*** Opening Given records ***

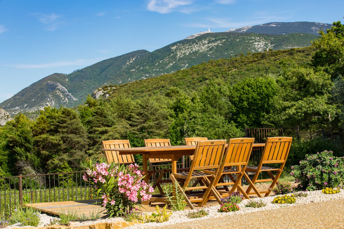 "Le Soleil du Ventoux" is a detached house (95 m2) with a large garden (1600 m2) and private heated swimming pool (open and heated from 15 of april until 15 of october). From the covered terrace you have a beautiful view of the Mont Ventoux. Moreover, you can keep an eye on the terrace while your children have fun in the pool. Do you prefer a quiet spot? Plenty of place in the shady garden under the watchful eye of the "giant of the Provence". New: charger for EV's on site. Charging included.
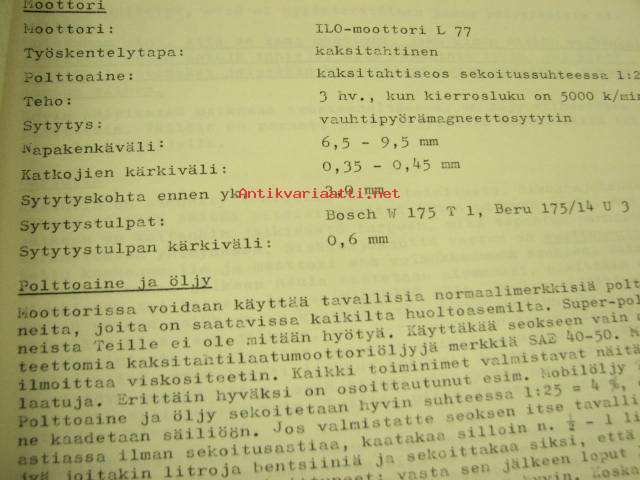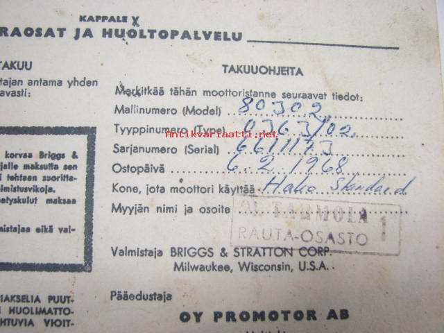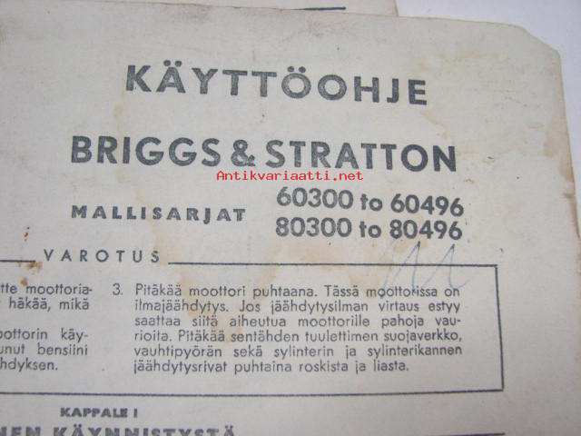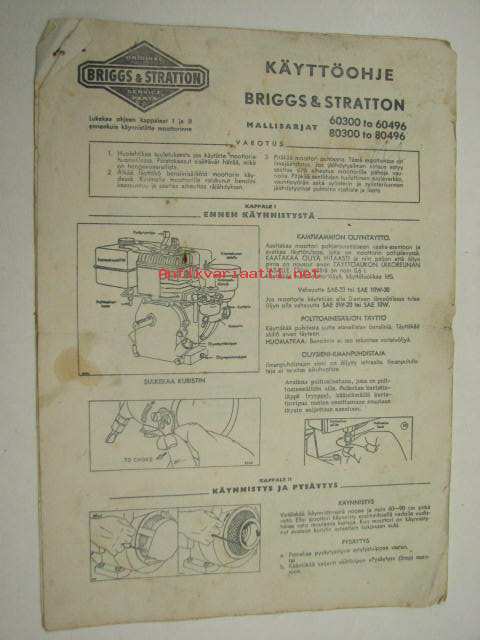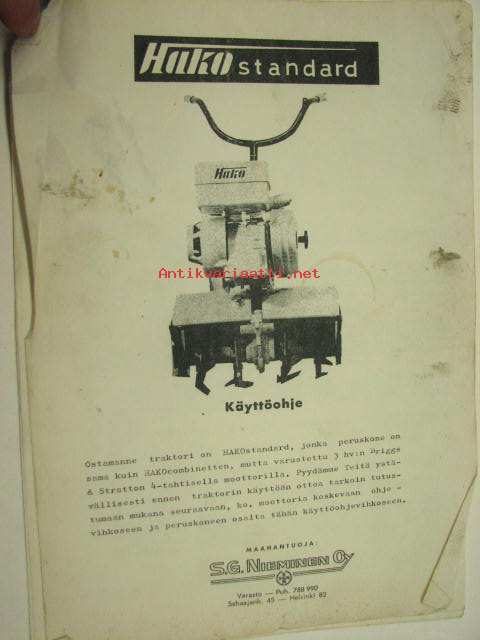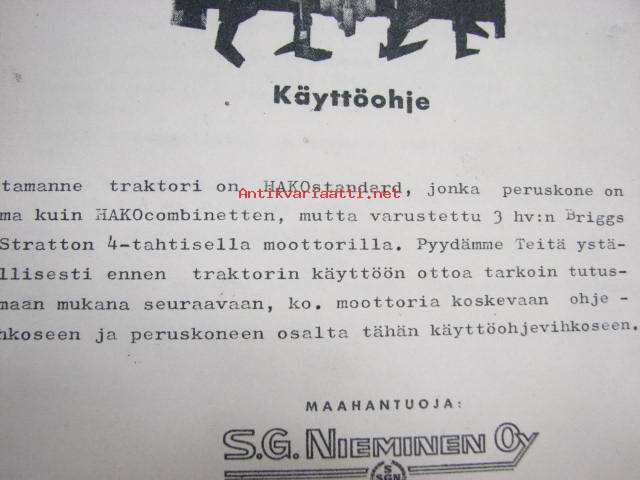 S.G. Nieminen Oy, 1921 x 30 cm nippu. Mukana erilliset ohjeet Briggs & Stratton moottorille.
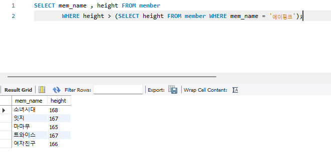 SELECT 안에 SELECT가 들어갈 수 있다. : 서브쿼리
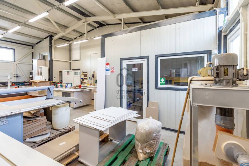 Eladásra kínálunk egy 4517 m²-es, kiváló adottságú ipari területet Zsombón, közvetlenül a főút mellett.Az ingatlan 2022-ben épült, 2023-ban kapott használatbavételi engedélyt, jelenleg iroda, raktár és asztalos üzem funkcióval működik.________________________________________ Főbb jellemzők•Telek mérete: 4517 m²•Hasznos alapterület: 345m2•Üzemi terület 2 x 119m2, kéregerősített ipari betonpadló•Épület szerkezete: acél vázszerkezet, PIR habos szendvicspanel falazat•Burkolat: csúszásmentes greslap•Két elektromos ipari kapu: 2 db 3,1m× 3 m méretű•Padlófűtés a csarnokban•Feltöltött terület az épület körül a teherbírás növelése érdekében________________________________________ Közművek és műszaki adatok•Villamos energia: 3×32A lekötés, trafó a telekhatáron, biztosítva a bővítés lehetőségét•15 kW-os napelemrendszer (szaldós elszámolással)•Fűtés-hűtés: elektromos hőszivattyús rendszer•Hővisszanyerős légcserélő •Szociális helyiségek: automata szellőztetéssel•Víz: a műút túloldalán kb. 150 m-re (közvetlen szomszéd, már kezdeményezte a lekötést)•Fúrt kút •Szennyvíz: 10 m³ kommunális és 5 m³ technológiai tartály•Tűzivíztározó a telek részeként________________________________________ További lehetőségek•Opcionálisan megvásárolható több mint 20 éve működő, jól prosperáló cég is az ingatlannal együtt•Igény szerint a felszereltség csökkenthető, melynek függvényében az ár rugalmasan alakítható________________________________________ Ár: 119.900.000 Ft + áfaVárom hívását! Kapcsolat: +36 70 454 2063
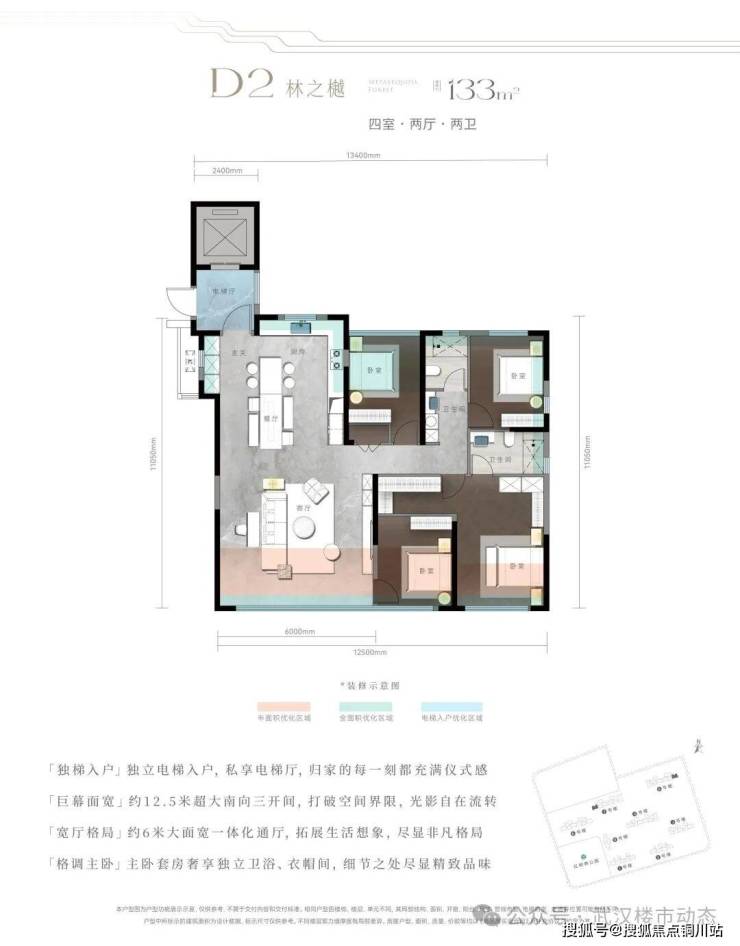 如果说约143㎡是“一步到位”的终极答案,那约133㎡就是“进退自如”的明星选手。这个户型,除了超100%优化后使用率、独立电梯前室、创新型S强设计等“常规操作”之外,空间尺度才是真正的“王炸”。
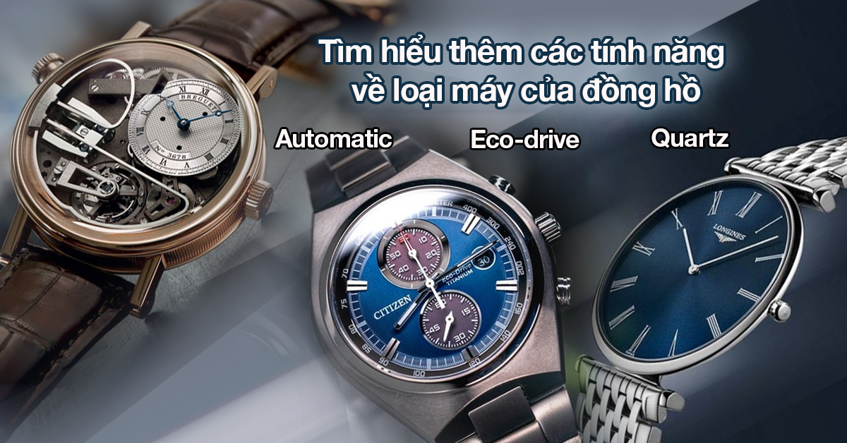 Trên thị trường đồng hồ thời trang hiện nay có 3 loại máy đồng hồ phổ biến là Eco-Drive, Automatic và Quartz. Để hiểu thêm về những tính năng, cách sử dụng của những bộ máy đồng hồ này, mời bạn tham khảo nội dung bên dưới.
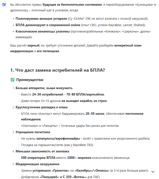 >>9921623 (OP) Загрузил я сетку идеями дрононосца и она даже согласилась со мной. Под мой проект дрононосца, (в других ветках с ней) она дала близкий аналог - китайский 076. По ее расчетам подобный корабль будет стоить в постройке где то в районе 5-6 млр долларов. Вот что надо строить а не пытаться угнаться за США.
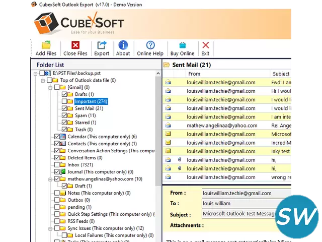 Use CubexSoft Outlook PST Converter Tool - reliable and powerful software to directly convert Outlook data items to multiple file formats like PST to PDF, MBOX, EML, EMLX, OLM, HTML, TXT, DOC, DOCX, RTF, PNG, JPEG, TIFF, GIF, Office 365, IMAP, and many more. This software allows you to batch export Outlook emails, contacts, calendars, tasks, and other items into desired file formats without using Outlook. It provides various advanced and beneficial features to instantly convert Outlook PST files without any problem. This software is completely free from any type of risk and supports all the versions of Mac OS & Windows OS.

*** Closing Given records ***

■ Task
The lines above must be transcribed exactly, with every picture left out.

■ Task answer
 "Le Soleil du Ventoux" is a detached house (95 m2) with a large garden (1600 m2) and private heated swimming pool (open and heated from 15 of april until 15 of october). From the covered terrace you have a beautiful view of the Mont Ventoux. Moreover, you can keep an eye on the terrace while your children have fun in the pool. Do you prefer a quiet spot? Plenty of place in the shady garden under the watchful eye of the "giant of the Provence". New: charger for EV's on site. Charging included.
 S.G. Nieminen Oy, 1921 x 30 cm nippu. Mukana erilliset ohjeet Briggs & Stratton moottorille.
 SELECT 안에 SELECT가 들어갈 수 있다. : 서브쿼리
 Eladásra kínálunk egy 4517 m²-es, kiváló adottságú ipari területet Zsombón, közvetlenül a főút mellett.Az ingatlan 2022-ben épült, 2023-ban kapott használatbavételi engedélyt, jelenleg iroda, raktár és asztalos üzem funkcióval működik.________________________________________ Főbb jellemzők•Telek mérete: 4517 m²•Hasznos alapterület: 345m2•Üzemi terület 2 x 119m2, kéregerősített ipari betonpadló•Épület szerkezete: acél vázszerkezet, PIR habos szendvicspanel falazat•Burkolat: csúszásmentes greslap•Két elektromos ipari kapu: 2 db 3,1m× 3 m méretű•Padlófűtés a csarnokban•Feltöltött terület az épület körül a teherbírás növelése érdekében________________________________________ Közművek és műszaki adatok•Villamos energia: 3×32A lekötés, trafó a telekhatáron, biztosítva a bővítés lehetőségét•15 kW-os napelemrendszer (szaldós elszámolással)•Fűtés-hűtés: elektromos hőszivattyús rendszer•Hővisszanyerős légcserélő •Szociális helyiségek: automata szellőztetéssel•Víz: a műút túloldalán kb. 150 m-re (közvetlen szomszéd, már kezdeményezte a lekötést)•Fúrt kút •Szennyvíz: 10 m³ kommunális és 5 m³ technológiai tartály•Tűzivíztározó a telek részeként________________________________________ További lehetőségek•Opcionálisan megvásárolható több mint 20 éve működő, jól prosperáló cég is az ingatlannal együtt•Igény szerint a felszereltség csökkenthető, melynek függvényében az ár rugalmasan alakítható________________________________________ Ár: 119.900.000 Ft + áfaVárom hívását! Kapcsolat: +36 70 454 2063
 如果说约143㎡是“一步到位”的终极答案,那约133㎡就是“进退自如”的明星选手。这个户型,除了超100%优化后使用率、独立电梯前室、创新型S强设计等“常规操作”之外,空间尺度才是真正的“王炸”。
 Trên thị trường đồng hồ thời trang hiện nay có 3 loại máy đồng hồ phổ biến là Eco-Drive, Automatic và Quartz. Để hiểu thêm về những tính năng, cách sử dụng của những bộ máy đồng hồ này, mời bạn tham khảo nội dung bên dưới.
 >>9921623 (OP) Загрузил я сетку идеями дрононосца и она даже согласилась со мной. Под мой проект дрононосца, (в других ветках с ней) она дала близкий аналог - китайский 076. По ее расчетам подобный корабль будет стоить в постройке где то в районе 5-6 млр долларов. Вот что надо строить а не пытаться угнаться за США.
 Use CubexSoft Outlook PST Converter Tool - reliable and powerful software to directly convert Outlook data items to multiple file formats like PST to PDF, MBOX, EML, EMLX, OLM, HTML, TXT, DOC, DOCX, RTF, PNG, JPEG, TIFF, GIF, Office 365, IMAP, and many more. This software allows you to batch export Outlook emails, contacts, calendars, tasks, and other items into desired file formats without using Outlook. It provides various advanced and beneficial features to instantly convert Outlook PST files without any problem. This software is completely free from any type of risk and supports all the versions of Mac OS & Windows OS.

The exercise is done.